It needed to be said SO MUCH. Semi-reliable seasons are absolutely critical for plant life of the type always shown in GoT (ie. "Earth normal") to flourish. Hardy plant species could eke out a living by leaving seeds dormant through a decade-long winter, but mature trees would not survive, and the entire trophic web would collapse leading to mass extinctions every time you had an extra long winter as mentioned in the books. Never mind the temperate biome mammals that must hibernate or hoard food and reduce activity over the winter. Bears, squirrels etc., all 100% farked in GoT.

And if A WIZARD DID IT then it's so much worse because the extant species would have had no chance to evolve over millennia to tolerate the unpredictability.

In conclusion, A WIZARD DID NOT DO IT and this plot device can only be explained by nobody involved giving a fark about biomes or trophic webs or precession or elliptical orbits or whats-his-name's cycles.
 
2012-05-01 09:14:30 AM
FreetardoRivera: it is magic you idiot

this.

My first thought was "duh, the answer is magic!"

Dr J Zoidberg: meanmutton: GAT_00: I'm not familiar with the series, but assuming the article is right, seasons are not predictable, that says a ridiculously complicated Milankovitch cycle, combined with probably eccentricity and tilt. That should have long term predictable cycles though, say a 20-30 year pattern or something.

You need to watch the series. It's super awesome. Political intrigue, gratuitous violence, incredible acting, gratuitous nudity, spectacular writing, graphic violence, wonderful cinematography, graphic nudity, brilliant directing, and -- did I mention -- violence and nudity, both of which are in abundance.

Except this last episode. I was beginning to wonder if turned on the wrong show.

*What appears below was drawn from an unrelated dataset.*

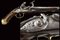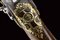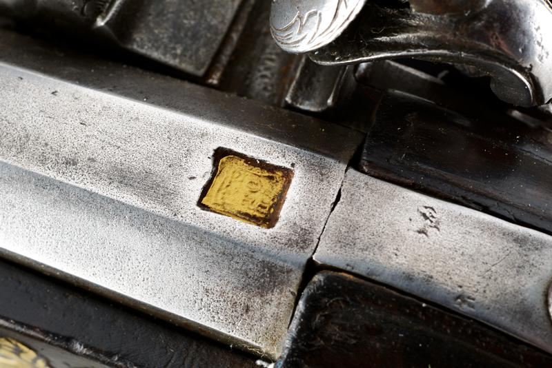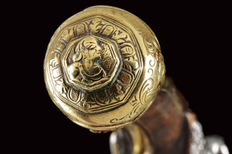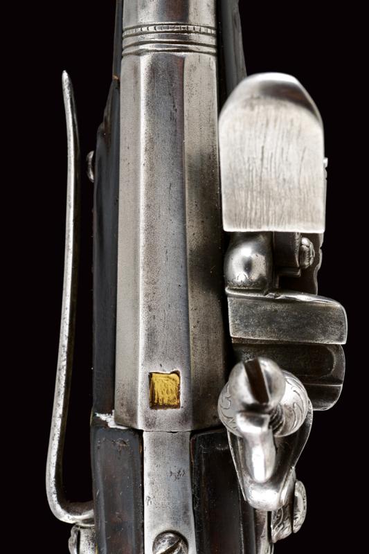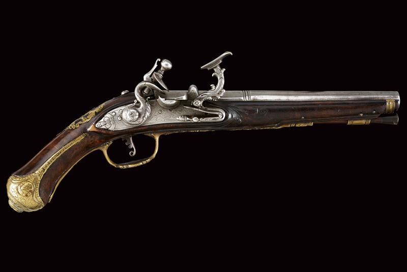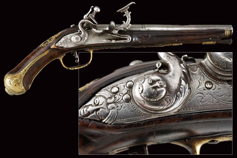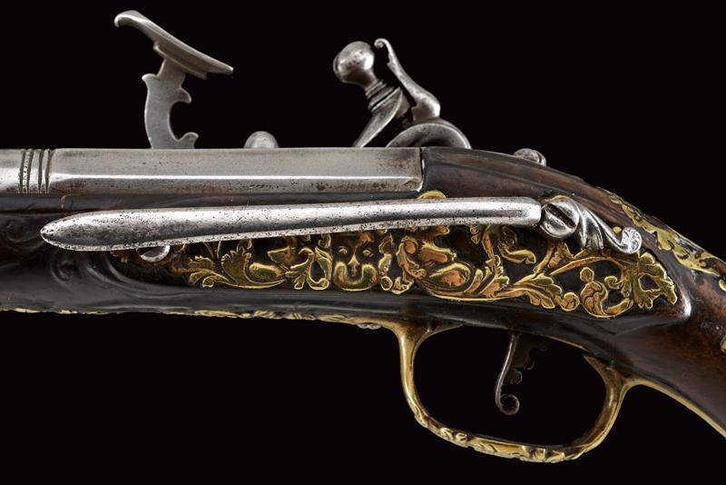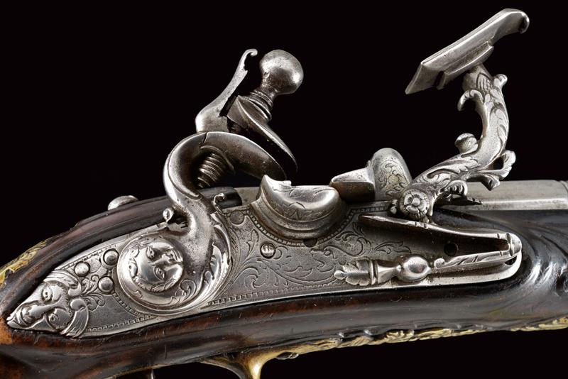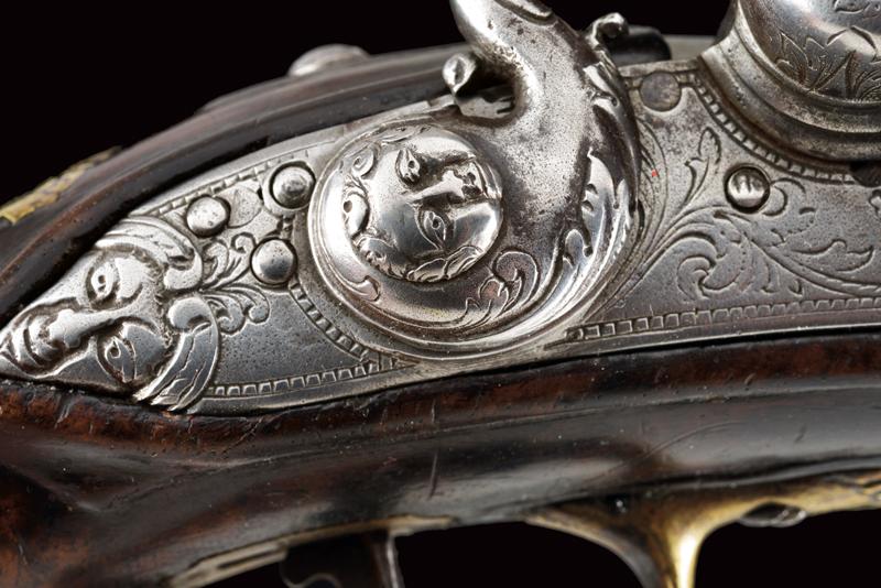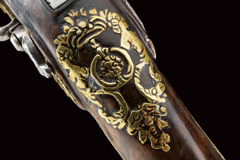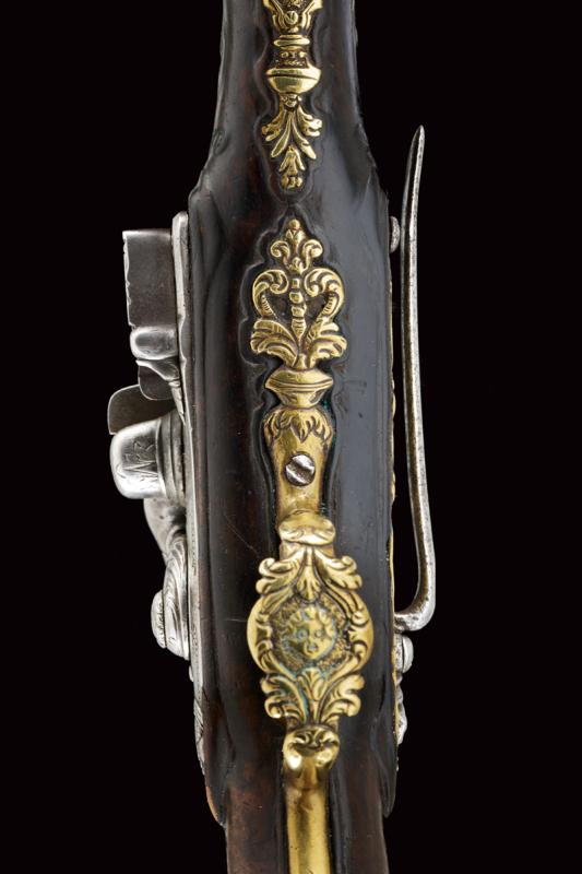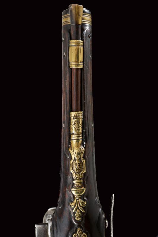 Elegante pistola 'terzetta' alla fiorentina, datazione: Seconda metà del XVIII secolo provenienza: Area Tosco-Emiliana, Canna liscia a due ordini, ottagonale e tonda, con punzone rimesso in oro alla base (non chiaramente leggibile), anellature al cambio e cal. 12 mm. in volata. Batteria a pietra alla fiorentina di gusto emiliano, con bei mascheroni alla base del cane e sulla codetta, entrambi in rilievo. Collo della martellina e del cane con ricci intagliati e traforati, la cartella incisa con cornicette e a fiorami. Meccanica funzionante ma il cane non sta in monta. Cassa intera in legno con piccolo restauro accanto alla batteria e resti di intagli a volute. Fornimenti in ottone. Coccia con mascherone con profilo di dama in rilievo al centro e mascheroni sui fianchi. Ponticello riccamente elaborato con mascherone e fiorami. La contropiastra intagliata e traforata a grottesche, munita anche di gancio da cintura in ferro. Traforato anche lo scudetto dorsale. Bacchetta in legno con battipalla in corno bruno e cavastracci in ferro. Cfr: vedi un esemplare simile in 'Armi da Fuoco Italiane' di A. Gaibi (Bramante Ed, Milano). Foto 595-596. lunghezza 30 cm.

/Bronn is quickly becoming one of my favorite characters in the show


I think every season is going to have one episode where there's not much crazy sexyviolence. They need at least one episode that the child actors can do a commentary on for the DVD/BluRay, and all kinds of people would flip their shiat if the kids were on record commenting on Mellisandre's rack.
 
2012-05-01 09:16:59 AM
Diogenes Teufelsdrockh:
/Martin would've put a 14 year old girl getting sexed up by an old man in the intro had he made it.
//Dude should have a seat over there for his creepy obsession with girls of that age.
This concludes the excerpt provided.